Y hay más datos sorprendentes. Por ejemplo, Bir Tawil, ubicada entre Egipto y Sudán, es un territorio sin dueño que abarca 2.060 km² debido a complicaciones coloniales; nadie quiere reclamarlo y prefieren luchar por el más rico Hala’ib. La Franja de Caprivi, situada en Namibia, es un corredor colonial que mide 400 km por 30 km, conectando con Botsuana, Zambia y Zimbabue.
Estas fronteras no solo dividen territorios; también entrelazan historias y anécdotas fascinantes. En las islas Diómedes, esta proximidad ha generado tensiones: durante la Guerra Fría, eran una frontera caliente. Hoy en día, el cambio climático derrite el hielo y acerca las orillas cada vez más.

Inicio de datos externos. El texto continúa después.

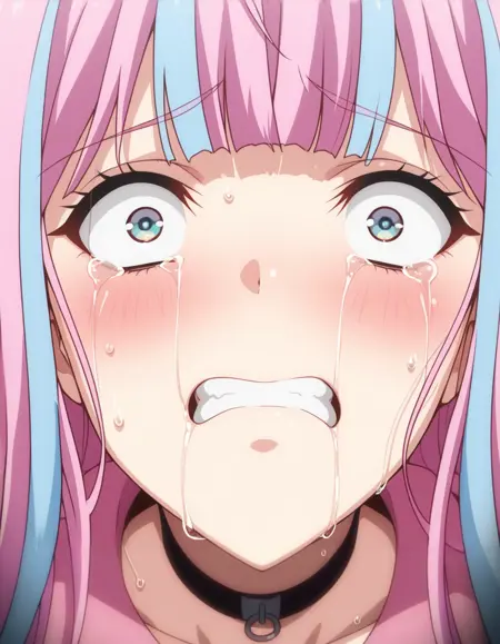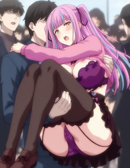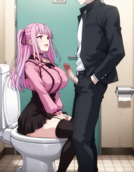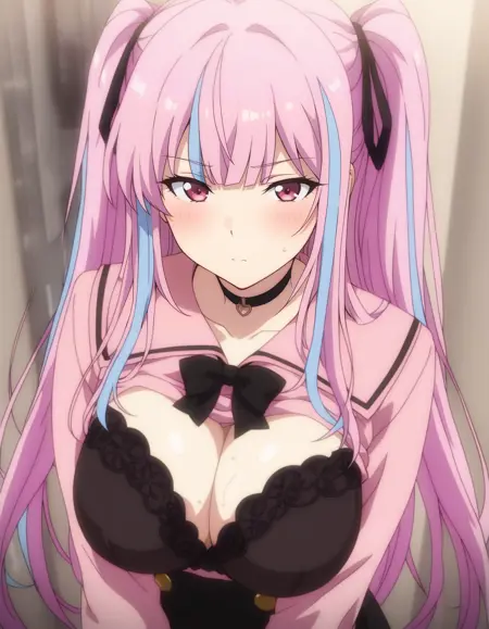 mai_rimikag3,long_hair,blunt_bangs,two_side_up,pink_hair,streaked_hair,blue_hair,green_eyes,large_breasts,hair_ribbon,choker,pink_sailor_collar,shirt,skirt,pink_shirt,long_sleeves,suspender_skirt,black_skirt,garter_straps,black_thighhighs,black_boots,high_heels

Para aquellos interesados en raras curiosidades geográficas, aquí tienes una tabla con algunas fronteras cortas o inusuales:
| Lugar | Países | Curiosidad clave | Longitud/Dato loco |
|---|---|---|---|
| Peñón de Vélez | España–Marruecos | Frontera terrestre más corta | 85 metros |
| Diómedes | EE UU–Rusia | Salto de 21 horas | 3,8 km de separación |
| Isla Faisanes | España–Francia | Condominio alterno | Cambia manos 2 veces/año |
| Märket | Suecia–Finlandia | Frontera en S por faro | Curva única |
| Nahwa/Madha | EAU–Omán | Contraenclave | Enclave dentro enclave |
Datos curiosos adicionales: en las Diómedes, ratas y aves cruzan libremente la línea internacional sin necesidad de visado. En la Isla Faisanes se llevan a cabo rituales diplomáticos cada semestre. Y aunque mucha gente se siente atraída por Bir Tawil para proclamarse “rey” online, lo cierto es que no hay habitantes allí.
Las islas con costas impresionantes añaden un toque especial al paisaje global. Por ejemplo, la isla de Staffa, en Escocia, destaca por sus columnas basálticas formadas por lava antigua. Mientras tanto, la isla irlandesa de Skellig Michael, famosa por su aparición en Star Wars, alberga un monasterio del siglo VI. No podemos olvidarnos tampoco del archipiélago indonesio de Raja Ampat, con sus impresionantes arrecifes coralinos repartidos entre sus 1.500 islas.
El majestuoso paisaje del Cap de Formentor, en Mallorca, deslumbra con sus acantilados escarpados y sinuosos caminos. Por su parte, las islas Lofoten en Noruega combinan fiordos espectaculares con tormentas épicas. Todas estas maravillas naturales tocan fronteras o actúan como enclaves únicos.
Así que ya lo ves: estas islas nos demuestran que los mapas esconden sorpresas inesperadas. Un instante puede llevarnos del ayer al mañana o mostrar cómo los países juegan al baile soberano. Un mundo donde la geografía nunca deja de asombrar.